In South Dakota his motel room matched the one in Illinois except for the carpet, which was the color of grass parched by drought. He lay unable to sleep, still feeling the rhythm of the road throbbing in his body. Fragments of Rodale’s death seeped into his mind and he tried to blot them like a stain. He hoped the dog had revived.
After a few hours he woke, confused until memory bludgeoned him and he quickly rose, with no idea of where to go. The empty landscape was flat as tin. He felt like a bug exposed when someone lifted a flat rock.
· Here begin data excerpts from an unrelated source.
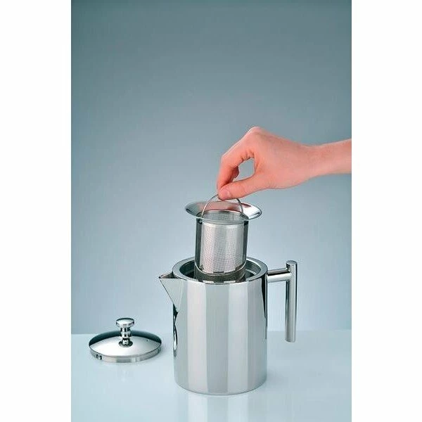 Die formschöne und glänzende Teekanne von Alfi überzeugt durch ihr edles Aussehen und die hohe Funktionalität: In der Teekanne aus Edelstahl ist direkt ein Teesieb integriert, damit Sie Ihren Lieblingstee direkt in der Kanne brühen können. Die Kanne ist frei von Schadstoffen und zudem schlag- und bruchfest. Zum Reinigen in der Spülmaschine geeignet.
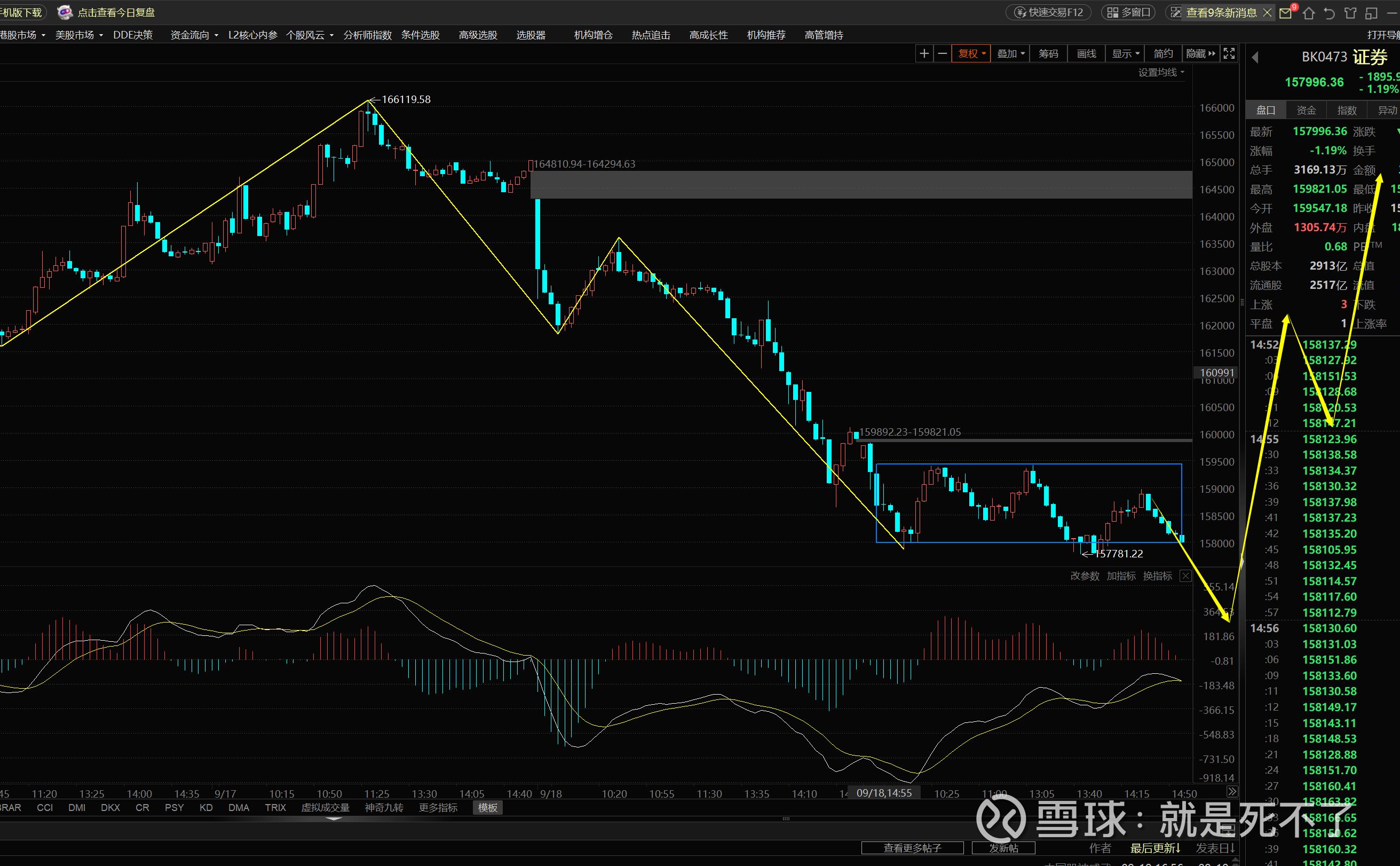 今天就是一个5分钟的弱势震荡,构筑了一个下跌中枢。
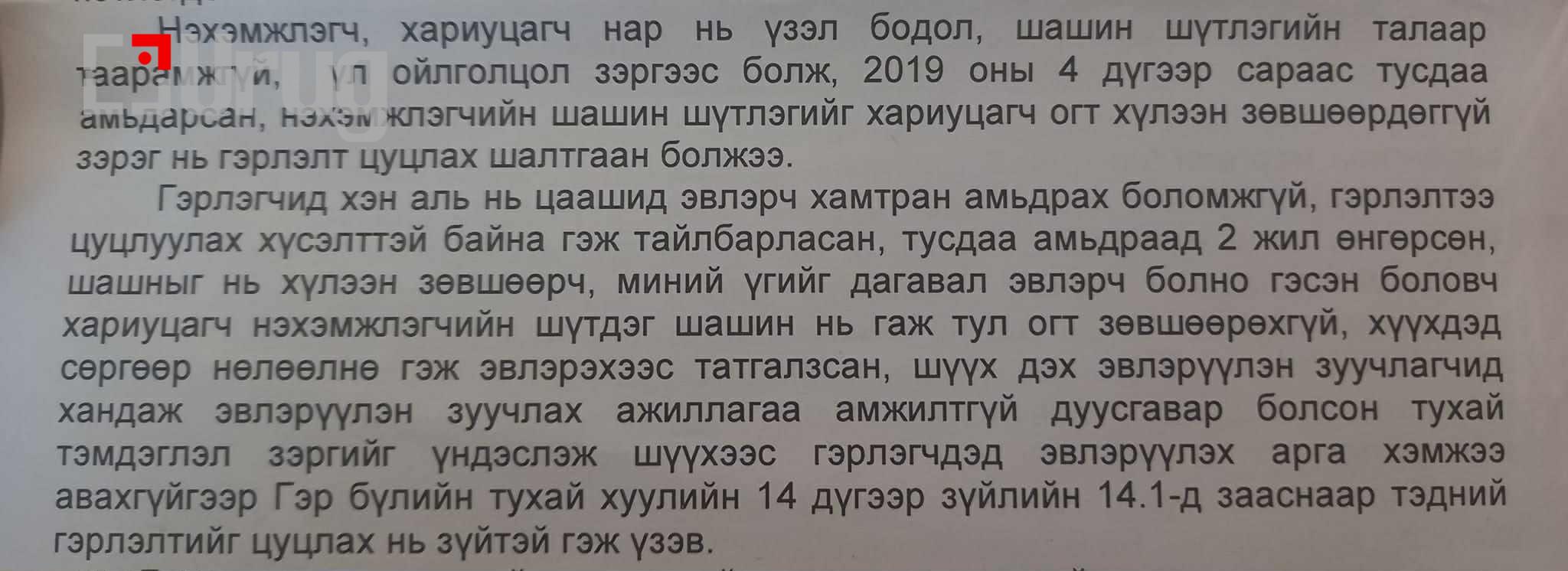 “Гадаадын иргэн, харьяатын газраас мэдээллийн дагуу төлөвлөгөөт бус хяналт шалгалтыг хийлээ. Хяналт шалгалтаар визгүй зорчих нөхцөлийн дагуу орж ирсэн 2 орны 8 иргэн нь “Монгол сувд сүм” шашны байгууллагын үйл ажиллагаанд оролцож, ирсэн зорилгоосоо өөр үйл ажиллагаа явуулж, Гадаадын иргэний эрх зүйн байдлын тухай хууль болон бусад хууль, тогтоомж зөрчсөн нь тогтоогдсон.

He drove west all day, and in the afternoon, he watched the sun begin its decline. Dusk was short. Kentucky nights began on the ground, in the hollows and the woods, moving upwards to join the sky. Here, the darkness dropped from above.
He made Wyoming by night and slept in a field. In the morning he crossed Dead Horse Creek, a bed of dry grass with no horse in sight. The land was desolate save for oil wells, their steady motion reminding him of chickens pecking for seed. The only shade was in a ditch. A pale blue line etched the horizon, jagged and white, too high for land. He expected a storm until he realized it was the Bighorn Mountains with snow lying along the upper ridges. They rose from the earth like a wall to the west.
He entered Montana through the Crow Reservation. The lack of humidity kept the air clear, making everything appear distinct regardless of distance. The land seemed oddly like a model, as if constructed on miniature scale. Clouds rose in the east while the western sky held the darkness of distant rain. He enjoyed a physical sense of insignificance. The landscape had an inviting quality, seductive but lethal.
A four-door pickup passed him, driven by a young man wearing a western hat. Heavy mudflaps covered the tires. In the rear window hung a lasso with a pair of baby shoes dangling in the center of the coil.
He slept behind a rest stop and rose with the pink dawn, surprised at the lack of grass, dew, and birdsong. The Absaroka Mountains stood in the south, hazed by distance, topped with snow. The hum of silence filled the chilly air. He continued west on I-90, passing a three-tiered stack of hay the size of a house surrounded by a split-rail fence. Though he was driving fast, several cars passed him, and he wondered about Montana’s speed limit. He’d seen no signs.
The land continued to rise. He thought the hill between Bozeman and Livingston was of good heft until he began the long climb to Homestake Pass. At its crest was the Continental Divide, where flat rocks protruded vertically from the earth like plates of stone. He felt bad for the crew who’d built the road, but was deeply envious of the man who’d laid it out. It was the harshest land he’d ever seen.
He began the long descent into Butte, a town sculpted into a mountain, presided over by a giant statue of a woman. He’d left the realm of autumn colors for uniform slopes of conifer trees. The mountains became steep and the valley tight. Several times he crossed the Clark Fork River, shallowed by the season to the size of a creek. Afternoon sun gleamed on great bluffs that rose beyond the water. Logging trails laced the slopes. He arrived in Missoula at dusk, took a room, and slept fourteen hours. After a meal and a short walk, he returned to bed. The next day he slept and ate and slept again.